> THE TASK
Copy out every record below exactly as written, but leave out any pictures.

> EXERCISE MATERIAL

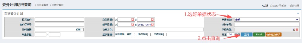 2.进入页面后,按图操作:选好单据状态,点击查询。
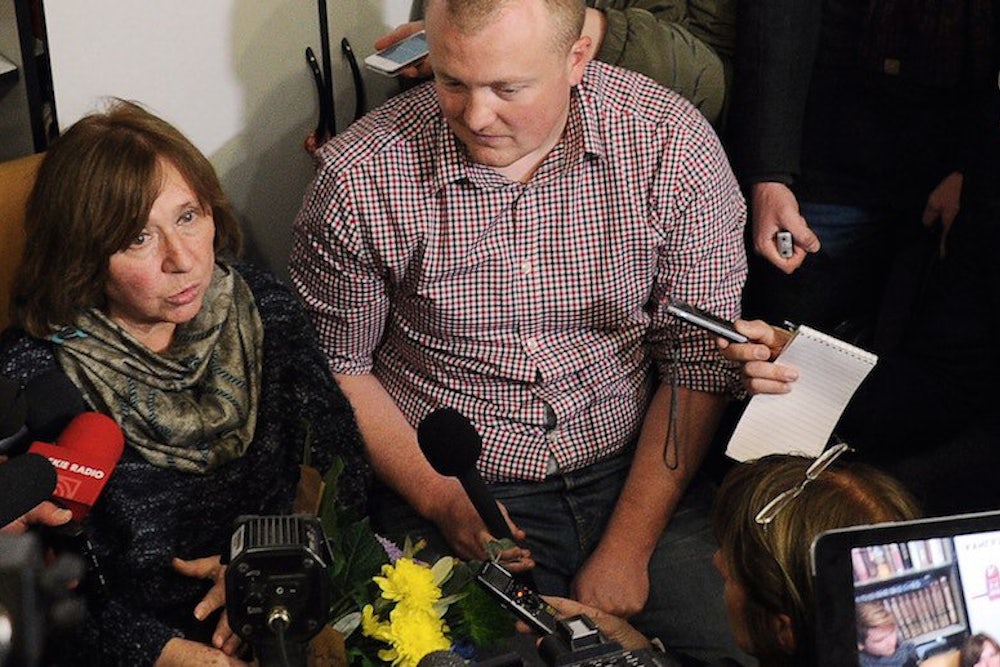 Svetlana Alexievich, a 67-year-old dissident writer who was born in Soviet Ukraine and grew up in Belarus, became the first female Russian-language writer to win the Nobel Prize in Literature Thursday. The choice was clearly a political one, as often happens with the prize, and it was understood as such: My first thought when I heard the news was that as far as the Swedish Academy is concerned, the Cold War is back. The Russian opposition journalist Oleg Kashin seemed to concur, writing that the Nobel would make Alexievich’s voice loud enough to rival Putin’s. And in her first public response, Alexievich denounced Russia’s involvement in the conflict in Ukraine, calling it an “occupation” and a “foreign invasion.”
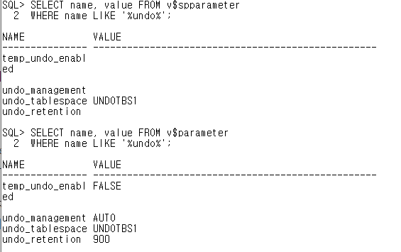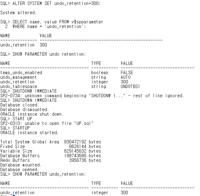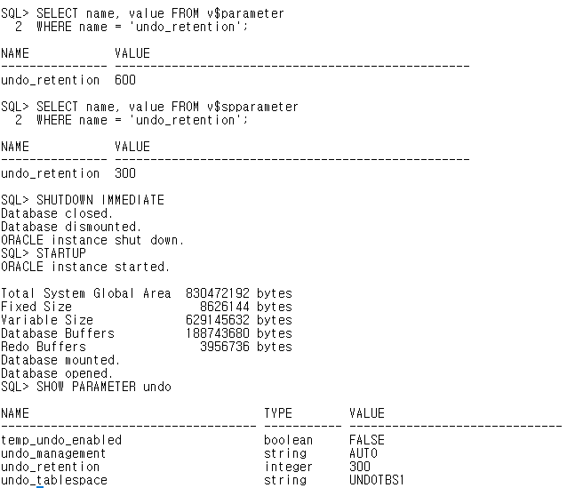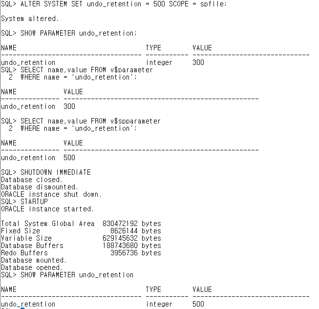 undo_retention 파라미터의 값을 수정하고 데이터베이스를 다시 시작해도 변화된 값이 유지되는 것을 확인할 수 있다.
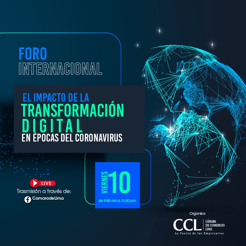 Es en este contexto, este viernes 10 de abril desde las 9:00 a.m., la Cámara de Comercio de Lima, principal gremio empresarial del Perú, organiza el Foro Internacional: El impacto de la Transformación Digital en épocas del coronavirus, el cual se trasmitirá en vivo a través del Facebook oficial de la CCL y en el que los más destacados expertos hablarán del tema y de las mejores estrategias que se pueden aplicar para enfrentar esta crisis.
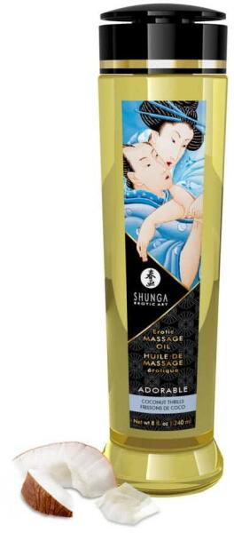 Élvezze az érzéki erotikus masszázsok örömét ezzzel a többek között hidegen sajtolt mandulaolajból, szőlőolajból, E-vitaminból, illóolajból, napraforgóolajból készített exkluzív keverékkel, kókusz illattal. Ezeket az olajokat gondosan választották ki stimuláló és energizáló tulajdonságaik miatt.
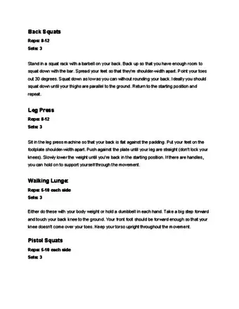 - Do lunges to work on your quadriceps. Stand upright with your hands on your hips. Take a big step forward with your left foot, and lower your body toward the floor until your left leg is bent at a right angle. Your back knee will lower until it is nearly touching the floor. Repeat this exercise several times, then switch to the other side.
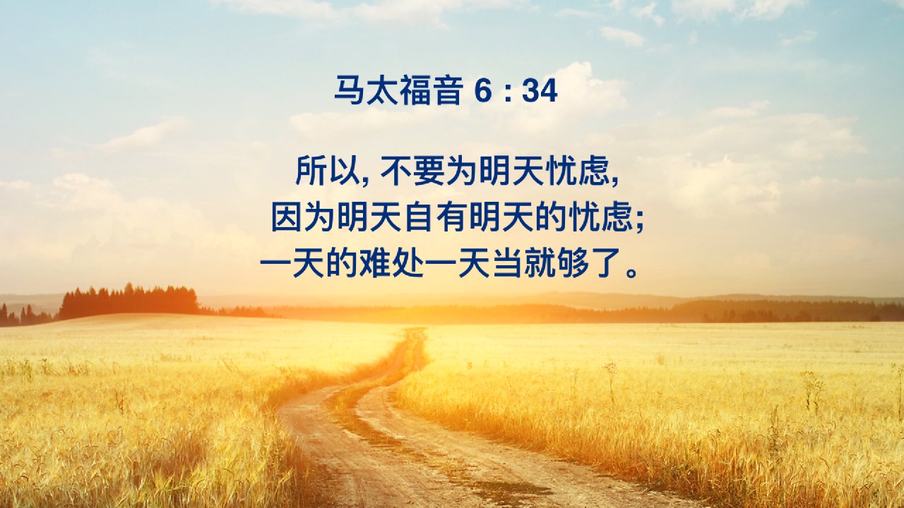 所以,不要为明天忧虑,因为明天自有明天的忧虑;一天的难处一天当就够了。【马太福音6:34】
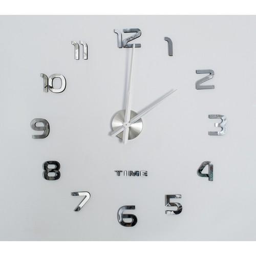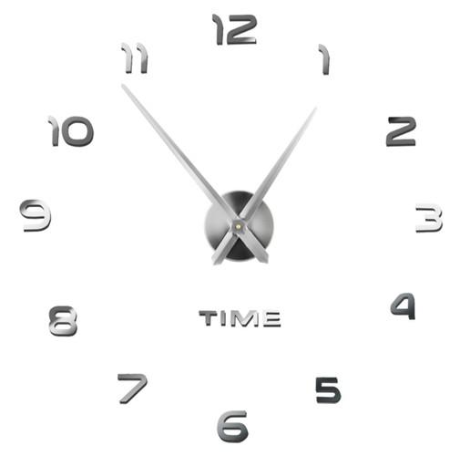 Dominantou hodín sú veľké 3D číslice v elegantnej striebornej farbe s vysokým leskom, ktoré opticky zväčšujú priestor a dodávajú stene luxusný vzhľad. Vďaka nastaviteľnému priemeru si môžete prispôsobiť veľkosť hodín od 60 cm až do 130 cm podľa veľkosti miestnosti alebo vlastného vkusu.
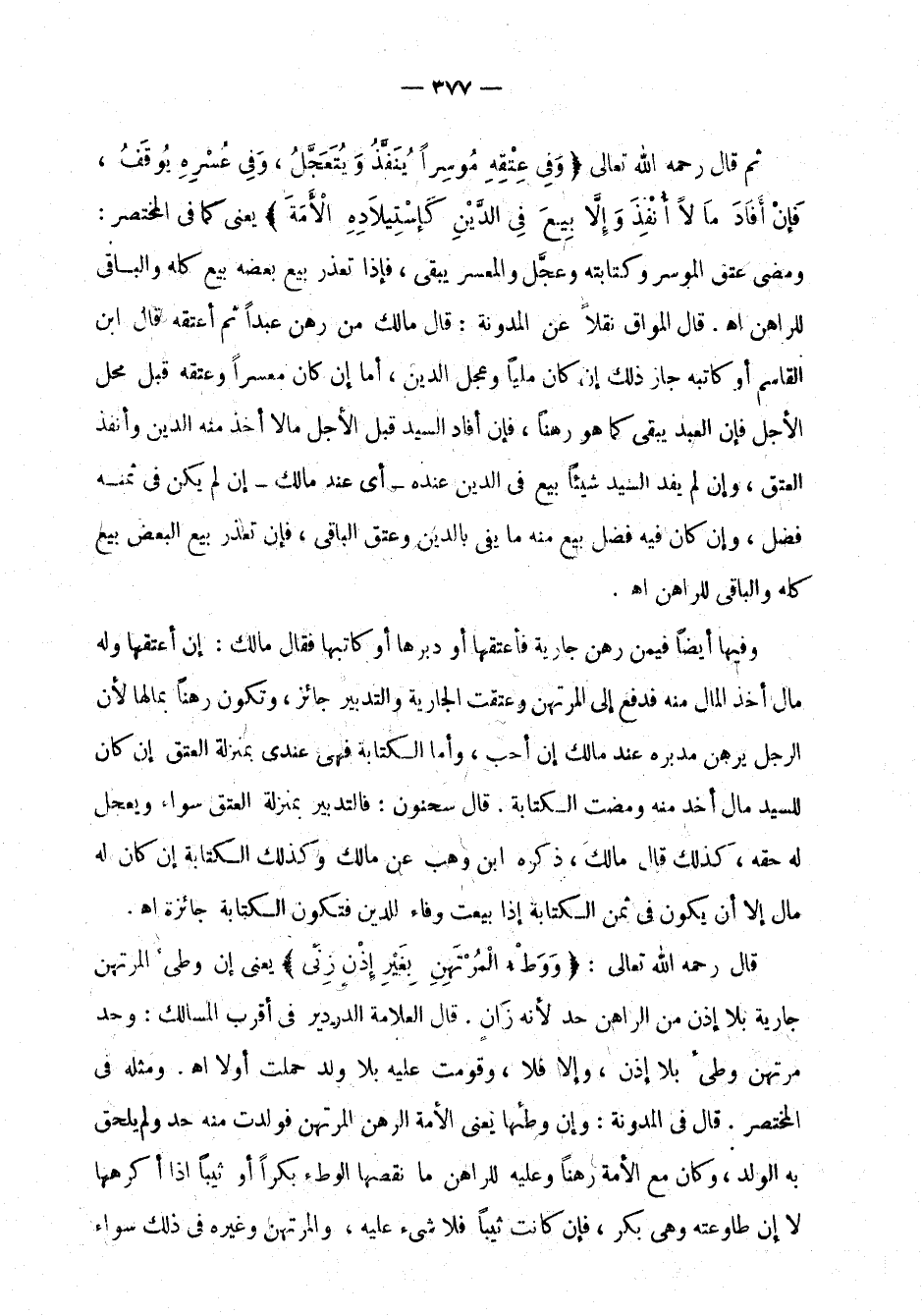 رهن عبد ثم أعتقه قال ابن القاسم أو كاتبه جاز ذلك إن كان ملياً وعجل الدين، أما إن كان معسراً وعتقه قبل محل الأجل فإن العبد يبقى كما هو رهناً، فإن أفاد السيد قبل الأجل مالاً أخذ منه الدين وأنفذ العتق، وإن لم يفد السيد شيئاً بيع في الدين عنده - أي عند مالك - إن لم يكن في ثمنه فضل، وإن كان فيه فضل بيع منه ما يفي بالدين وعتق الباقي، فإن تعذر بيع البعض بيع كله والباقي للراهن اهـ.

> SOLUTION FOR THIS TASK
 2.进入页面后,按图操作:选好单据状态,点击查询。
 Svetlana Alexievich, a 67-year-old dissident writer who was born in Soviet Ukraine and grew up in Belarus, became the first female Russian-language writer to win the Nobel Prize in Literature Thursday. The choice was clearly a political one, as often happens with the prize, and it was understood as such: My first thought when I heard the news was that as far as the Swedish Academy is concerned, the Cold War is back. The Russian opposition journalist Oleg Kashin seemed to concur, writing that the Nobel would make Alexievich’s voice loud enough to rival Putin’s. And in her first public response, Alexievich denounced Russia’s involvement in the conflict in Ukraine, calling it an “occupation” and a “foreign invasion.”
 undo_retention 파라미터의 값을 수정하고 데이터베이스를 다시 시작해도 변화된 값이 유지되는 것을 확인할 수 있다.
 Es en este contexto, este viernes 10 de abril desde las 9:00 a.m., la Cámara de Comercio de Lima, principal gremio empresarial del Perú, organiza el Foro Internacional: El impacto de la Transformación Digital en épocas del coronavirus, el cual se trasmitirá en vivo a través del Facebook oficial de la CCL y en el que los más destacados expertos hablarán del tema y de las mejores estrategias que se pueden aplicar para enfrentar esta crisis.
 Élvezze az érzéki erotikus masszázsok örömét ezzzel a többek között hidegen sajtolt mandulaolajból, szőlőolajból, E-vitaminból, illóolajból, napraforgóolajból készített exkluzív keverékkel, kókusz illattal. Ezeket az olajokat gondosan választották ki stimuláló és energizáló tulajdonságaik miatt.
 - Do lunges to work on your quadriceps. Stand upright with your hands on your hips. Take a big step forward with your left foot, and lower your body toward the floor until your left leg is bent at a right angle. Your back knee will lower until it is nearly touching the floor. Repeat this exercise several times, then switch to the other side.
 所以,不要为明天忧虑,因为明天自有明天的忧虑;一天的难处一天当就够了。【马太福音6:34】
 Dominantou hodín sú veľké 3D číslice v elegantnej striebornej farbe s vysokým leskom, ktoré opticky zväčšujú priestor a dodávajú stene luxusný vzhľad. Vďaka nastaviteľnému priemeru si môžete prispôsobiť veľkosť hodín od 60 cm až do 130 cm podľa veľkosti miestnosti alebo vlastného vkusu.
 رهن عبد ثم أعتقه قال ابن القاسم أو كاتبه جاز ذلك إن كان ملياً وعجل الدين، أما إن كان معسراً وعتقه قبل محل الأجل فإن العبد يبقى كما هو رهناً، فإن أفاد السيد قبل الأجل مالاً أخذ منه الدين وأنفذ العتق، وإن لم يفد السيد شيئاً بيع في الدين عنده - أي عند مالك - إن لم يكن في ثمنه فضل، وإن كان فيه فضل بيع منه ما يفي بالدين وعتق الباقي، فإن تعذر بيع البعض بيع كله والباقي للراهن اهـ.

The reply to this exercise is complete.